Companies must provide robust, accurate information about a purchase, or people will seek other options. Technology innovation is part of the brand experience, and the supply chain aspect is not immune.

A recent survey by YouGov and Infor looked at consumer supply chain expectations from 6,000 adults, across all demographics in North America and Europe, and found that 80 percent of them expect some kind of supply chain visibility experience of their own. They want to know where their orders are and they want to know when those orders will arrive.

Additionally, the survey showed that consumers are demanding a supply chain experience not just related to their e-commerce orders, but across different categories. Grocery was identified as the number-one vertical industry in which consumers would seek an alternative if the brand couldn’t get them the product when expected.

People who once had no problem heading down to the local market to pick out their staples for the week are now saying they will switch brands 60 percent of the time if the store fails to meet their expectations on delivering an order for day-to-day needs. Purchasing habits are changing and supply chain expectations are going up to a level that few companies are prepared to meet.

For food companies, the investments in traceability and/or supply chain visibility solutions are really a matter of survival.

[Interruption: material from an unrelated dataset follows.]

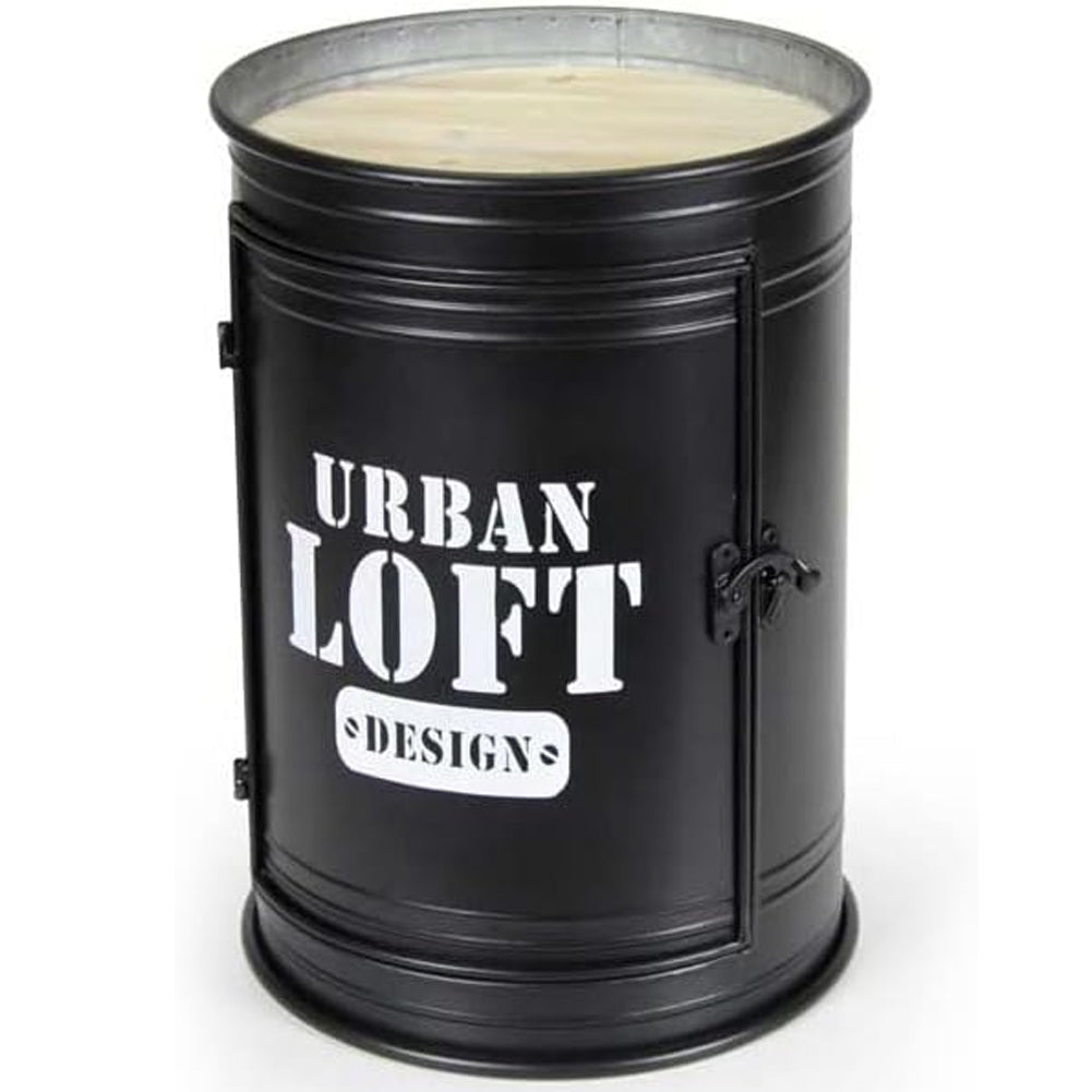 Tavolino Contenitore Bidone Tondo Struttura in Metallo Nero e Ripiani in Legno

First, the requirement to have firm quality control demands a focus. Second, visibility solutions enable companies to run their supply chains at a much more efficient and agile level, which can drive significant savings. And now, that same technology can be pointed at consumers as part of the brand experience — a differentiated premium value-add that most companies will struggle to provide because so few have it for their own operations.

The big challenge with any kind of visibility solution is data quality. It is very difficult to collect and normalize all the information because it’s coming from all of the various partners. This is not easy, especially when the need is to cover multiple tiers of the supply chain — all the way down to the farm. This is the number-one reason companies of all types struggle with visibility initiatives.

For any supply chain visibility solution to work, there must be a network dimension to the solution, which can link partners around the world, collect the necessary data, normalize it and post it into the center of the network so all parties see and operate based on the same information. Without a network focus, supply chain visibility systems are only capable of providing disconnected silos of information and not the cool, visual end-to-end view that executives and customers would expect.

It would be a far greater crime for companies to offer consumers a solution that didn’t work. Imagine using Uber if 30 percent of the time the wrong car showed up, or it arrived 10 minutes later than the app said. You would switch. Providing an accurate picture of the status of a customer order, designed for mobile apps, rendered beautifully on maps, with alerts and accurate ETAs is the expectation. This includes people such as Mrs. Smith, who’s waiting for her avocados to arrive so she can make her guacamole dip for her party.

With the brand experience now becoming part of the supply chain technology experience, there’s good news for food companies. The ongoing struggle to get proper investments and executive attention is only going up. While unexpected disasters should (and do) get constant attention, the new opportunistic aspect and potential for supply chain visibility may finally become reality. Then, we will begin to see the other 95 percent of companies move into the realm of sight and control.